Finally, we will conclude this section by predicting REVI occurrence
probability across the entire Hubbard Brook forest. The object
hbefEelev
(which comes as part of the
spOccupancy
package) contains elevation data at a 30x30m
resolution from the National Elevation Data set across the entire HBEF.
We load the data below.
'data.frame': 46090 obs. of 3 variables:
$ val : num 914 916 918 920 922 ...
$ Easting : num 276273 276296 276318 276340 276363 ...

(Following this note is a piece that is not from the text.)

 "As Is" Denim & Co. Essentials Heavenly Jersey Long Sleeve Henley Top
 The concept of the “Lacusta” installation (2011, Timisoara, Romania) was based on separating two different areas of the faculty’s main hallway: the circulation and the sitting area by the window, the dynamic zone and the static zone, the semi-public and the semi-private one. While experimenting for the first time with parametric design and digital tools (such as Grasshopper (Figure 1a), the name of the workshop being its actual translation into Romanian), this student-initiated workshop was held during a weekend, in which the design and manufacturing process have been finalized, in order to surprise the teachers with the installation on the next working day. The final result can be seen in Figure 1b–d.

$ Northing: num 4871424 4871424 4871424 4871424 4871424 ...
The column val
contains the elevation values, while
Easting
and Northing
contain the spatial
coordinates that we will use for plotting. We can use the
predict()
function and our tPGOcc()
fitted
model object to predict occurrence across these sites and over any
primary time periods in our data set. We can predict for a single time
period or multiple time periods at once. Currently,
spOccupancy
only supports prediction at primary time
periods that are sampled in the data (i.e., forecasting is not
supported), although we hope to allow this at some point in the future.
The predict()
function for tPGOcc()
has five
arguments: object
, X.0
, t.cols
,
ignore.RE = FALSE
, and type = 'occupancy'
. The
object
argument is simply the fitted model object we obtain
from tPGOcc
. We will use the AR(1) model object
(out.ar1
) for prediction to display the more complex model,
but in reality we would likely make inference from the more simple model
given the very small difference in WAIC. The X.0
argument
is the design matrix of covariates at the prediction locations. This
should be a three-dimensional array, with dimensions corresponding to
site, primary time period, and covariate. Note that the first covariate
should consist of all 1s for the intercept if an intercept is included
in the model. The t.cols
argument is a vector that denotes
which primary time periods are contained in the design matrix of
covariates at the prediction locations. This is used to indicate what
primary time periods we want to predict for. The values should indicate
the columns in data$y
used to fit the model for which
prediction is desired. The ignore.RE
argument is used to
specify whether or not we want to ignore unstructured random effects in
the prediction and just use the fixed effects and any structured random
effects (ignore.RE = TRUE
), or include unstructured random
effects for prediction (ignore.RE = FALSE
). By default, we
set this to FALSE
. When ignore.RE = FALSE
, the
estimated values of the unstructured random effects are included in the
prediction for both sampled and unsampled sites. For sampled sites,
these effects come directly from those estimated from the model, whereas
for unsampled sites, the effects are drawn from a normal distribution
using our estimates of the random effect variance. Including
unstructured random effects in the predictions will generally improve
prediction at sampled sites, and will lead to nearly identical point
estimates at non-sampled sites, but with larger uncertainty. Lastly, the
type
argument is used to specify whether we want to predict
occurrence/occupancy (type = 'occupancy'
) or detection
(type = 'detection'
).
Below we will predict occurrence in the first (2010) and last (2018)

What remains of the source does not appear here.